I am a bachelor student who just started studying coding theory and I came across the following example in "Generalized Hamming weights for almost affine codes" by Johnsen and Verdure, page 4 (https://arxiv.org/abs/1601.01504):
We will use a running example throughout this paper. It is the almost affine code C ′ in [14, Example 5]. It is a code of length 3 and dimension 2 on the alphabet F = {0, 1, 2, 3}. Its set of codewords is
$$ \begin{matrix} 000 & 011 & 022 & 033 \\ 101 & 112 & 123 & 130 \\ 202 & 213 & 220 & 231 \\ 303 & 310 & 321 & 332 \\ \end{matrix} $$
[...] This is an example of an almost affine code which is not equivalent to a linear code, and not even to a multilinear code.
I understand why the code is almost affine. However, to me, it seems like this is a linear code, since all the codewords can be expressed as linear combinations of 101 and 011. What mistake am I making? Also, how would I check that it is not equivalent to a multilinear code? Thank you in advance.

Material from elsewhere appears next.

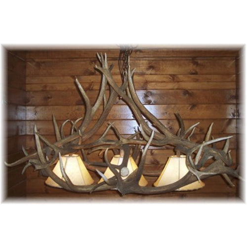 Our elk antler pool table chandelier is constructed using 13 Grade A shed elk antlers and measures approximately 60-68" x 36" with a height of 32-36" and includes three 14" rawhide shades and antique brass chain. Wiring is inside the antlers and the antlers are screwed together. All screw holes are patched and colored to blend seamlessly with the natural beauty of the antlers.

When people say a $C$ linear code, they mean that $C$ is linear subspace of a vector space. It is true that $C'$ is a sub-group of the group $(\mathbb Z/4\mathbb Z)^3$, generated by the two group elements $(1,0,1)$ and $(0,1,1)$, but since it is not a sub-space of a vector space, we cannot call $C'$ linear. Note that $\mathbb Z/4\mathbb Z$ is not a field.
I do not know about how to prove it is not equivalent to a (multi)linear code, perhaps someone else can answer about that.